Step 1: reference module
Step 2: add elements (widgets) to the container (layout). Here are the components used:
"
Menu: as the name suggests, this is the menu bar. Each GUI must bring a menu bar to remind users what to do. We use menu here_ Def this layout to complete the menu settings.
Frame: This is exactly the same as the layout layout and works in the same way. They are all container elements. You can see that "options" is a square with grooves, which contains four options. This is the function. Note that the & symbol is used to create menus of the same type. Here, there is only one menu of precautions, so it can be ignored. If readers want to add the same menu, they must add an &. tearoff=True this parameter is the dotted line above each sub option in the menu bar.
Radio: radio button. We can only choose one option on the same id. id refers to "ra-dio1" in the code. The first parameter of each radio function is the text content. Here are the four file formats we want to extract. The "size" is the position, and the same parameter (10, 1) is set at the first of each line. Finally, the key for event binding, in which "enable_events" can not be written, because we just call it instead of generating events for it.
Text: previously, it was said that the content of the text cannot be changed.

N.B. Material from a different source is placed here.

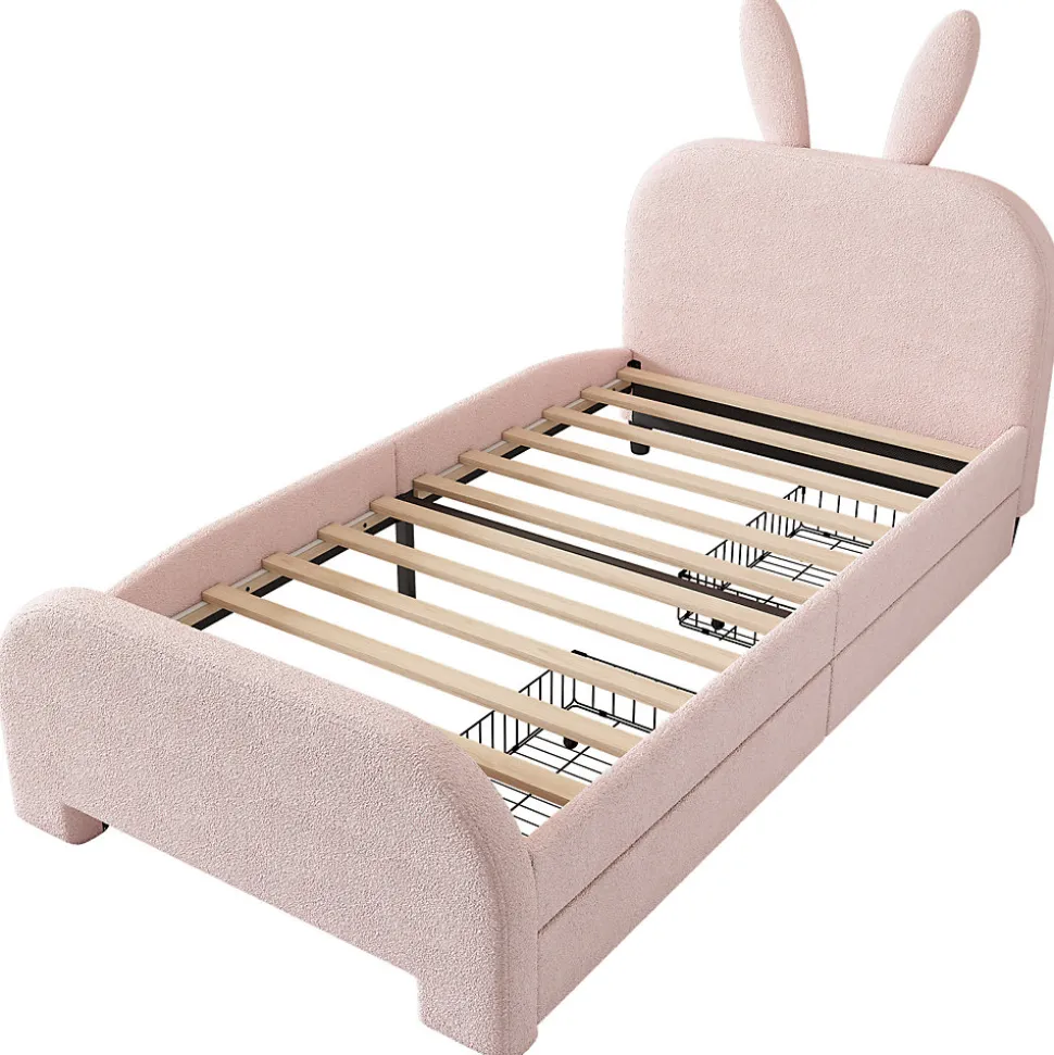 1. Matériaux de haute qualité : Ce lit combine deux matériaux de haute qualité : la laine d’agneau et le MDF. Douce, agréable au toucher et chaude, la laine d’agneau crée un environnement de sommeil douillet pour les enfants. Le MDF assure la robustesse et la durabilité du cadre de lit, tandis que sa surface lisse et plane facilite le nettoyage et l’entretien. 2. Adorable motif de lapin : La tête de lit arbore un motif de lapin. La matière douce et moelleuse offre un toucher délicat, plongeant les enfants dans un univers féérique. Ce motif, très apprécié des enfants, favorise également l’endormissement et des rêves paisibles. 3. Tiroirs de rangement pratiques : Deux tiroirs situés sous le lit peuvent être installés à gauche ou à droite, permettant aux enfants de ranger facilement leurs jouets, livres et autres affaires. Ce système optimise l’espace et encourage le rangement, pour une chambre plus propre et mieux organisée. 4. Tête de lit rembourrée : La tête de lit est dotée d’un rembourrage souple qui améliore le confort et la sécurité. Les enfants n’ont plus à craindre de se cogner contre la tête de lit rigide en jouant ou en se reposant, ce qui leur offre une protection optimale. 5. Votre colis est expédié d’Allemagne. La livraison peut prendre un certain temps, mais nous mettons tout en œuvre pour que vous soyez pleinement satisfait(e). Merci de votre patience. N’hésitez pas à contacter notre service client. Poids et dimensions : Matériaux du lit : Peluche et MDF Dimensions : 90 x 200 cm Couleur : Rose Nombre de colis : 1 Montage requis : Oui Origine : Chine Dimensions du produit : 213 x 101 x 116 cm Dimensions du colis : Voir les spécifications Dimensions intérieures du lit : 90 x 200 cm Hauteur totale : 116 cm Charge maximale : 150 kg Nombre de sommiers à lattes : 12 Épaisseur de matelas recommandée : 15-20 cm

Similarly, the position parameter (8,1) set here, justification='right 'is a bit similar to the right alignment we usually use in word.
InputText: the text content that needs to be input by the user. Here are two places we need to fill in: file location and file name. You need to set the key here, because we need to call the file storage path and file name in the later event binding, which is mentioned in the first half of the article.

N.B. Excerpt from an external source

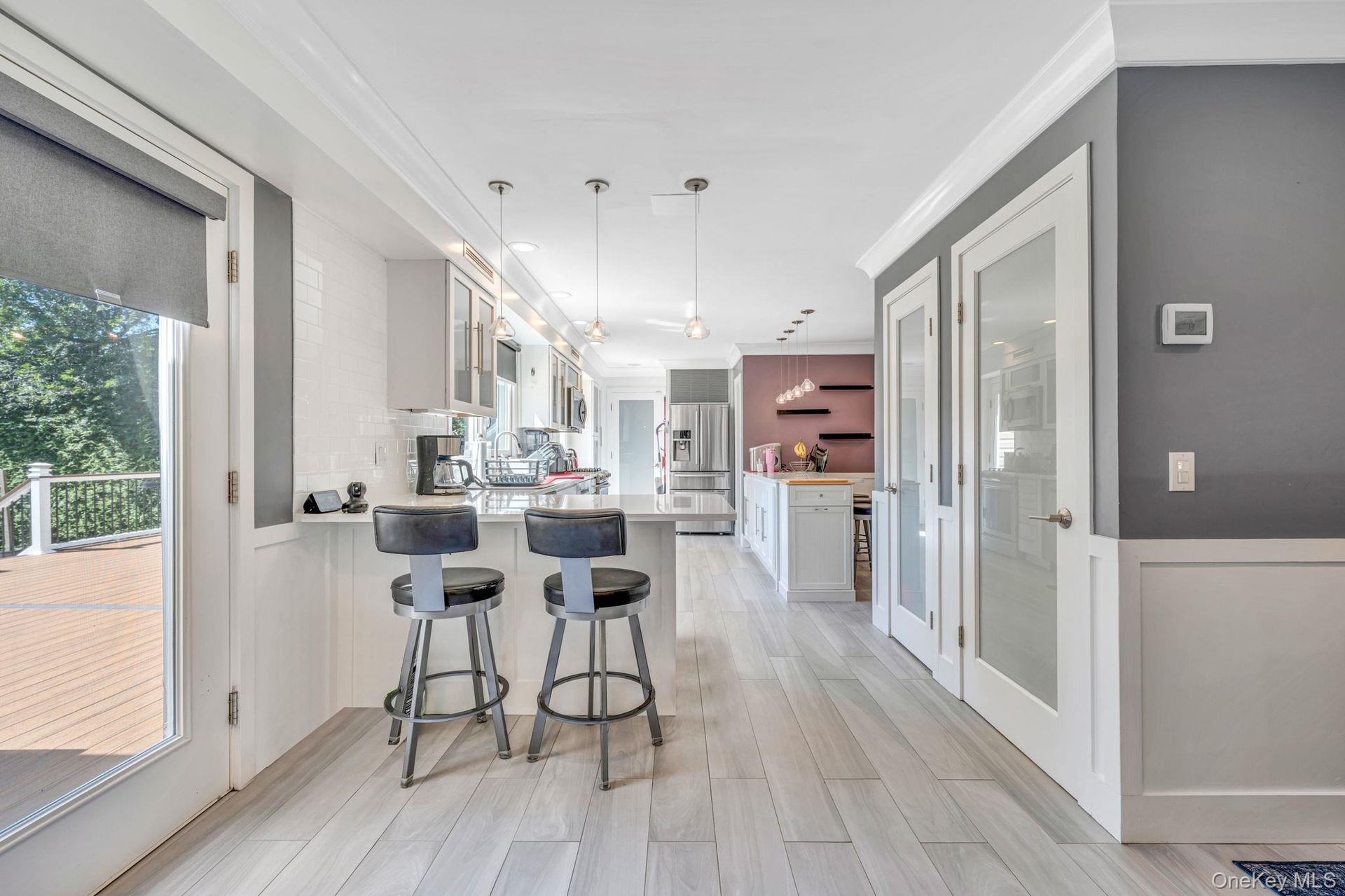 - Kitchen featuring white cabinetry, light countertops, a breakfast bar, a peninsula, and stainless steel fridge with ice dispenser

FolderBrowse: a simple operation to open the file path. You don't need to copy the path.
Submit: OK button, which is bound to execute the event of extracting document pictures
Cancel: exit the main program button.
"
Step 3: create a window to accommodate these element layouts.

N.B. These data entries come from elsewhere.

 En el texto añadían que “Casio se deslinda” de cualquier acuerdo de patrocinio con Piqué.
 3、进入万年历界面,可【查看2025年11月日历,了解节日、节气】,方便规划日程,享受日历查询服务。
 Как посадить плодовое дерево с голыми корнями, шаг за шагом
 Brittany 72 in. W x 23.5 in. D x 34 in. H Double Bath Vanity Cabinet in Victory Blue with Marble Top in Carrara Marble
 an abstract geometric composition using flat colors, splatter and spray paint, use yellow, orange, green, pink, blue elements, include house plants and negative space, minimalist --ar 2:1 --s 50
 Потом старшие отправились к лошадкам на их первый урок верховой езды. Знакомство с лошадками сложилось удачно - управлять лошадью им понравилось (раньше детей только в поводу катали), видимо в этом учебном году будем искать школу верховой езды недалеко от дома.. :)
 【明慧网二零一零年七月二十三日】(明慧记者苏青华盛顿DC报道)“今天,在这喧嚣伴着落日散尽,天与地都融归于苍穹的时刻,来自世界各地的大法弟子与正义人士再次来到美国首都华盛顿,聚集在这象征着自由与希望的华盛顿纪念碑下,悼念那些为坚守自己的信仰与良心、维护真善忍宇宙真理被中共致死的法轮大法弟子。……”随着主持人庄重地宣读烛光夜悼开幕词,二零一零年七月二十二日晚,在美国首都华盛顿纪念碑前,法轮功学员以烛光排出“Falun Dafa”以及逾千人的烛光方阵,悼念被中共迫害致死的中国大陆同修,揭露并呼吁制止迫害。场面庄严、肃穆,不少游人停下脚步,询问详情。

Step 4: create an event loop. You can see that the code is the same routine: when the user presses the submit button, the system will judge which radio button you press, and then execute the corresponding event. When you press cancel or × When, it is to exit the main program. When you press note in the menu, a dialog box will pop up to tell you how to use the system.
In the event loop, we use the Boolean value of values [] to judge which radio button we choose. Some readers wonder why we don't use event =. Because we use event in the first if, we need to change the judgment method in the second if.
So far, the GUI part is done! Interested readers can continue to add functions above.
3, Integrate code and package
We put the complete code together and install the pyinstaller module
pip install pyinstaller
If your above project code file is named: photo py. Then you need to package with the following command
pyinstaller photo.py
Finally, after the package is successfully packaged, you will see a subfolder of dist in the folder where the py file is located. Go in and find pachong Exe file and run it.
Note that there are many files attached to the folder. You can delete it. Of course, if you feel troublesome, just go straight from photo The PY file is executed in Python.
Write at the end
That's all for today. I hope it can help you. If you need the source code of this article, you can confide in my keyword: PY GUI, and I will share the source code with those in need.
We also welcome all gods to put forward questions and suggestions in the comment area, and hope to make progress with you.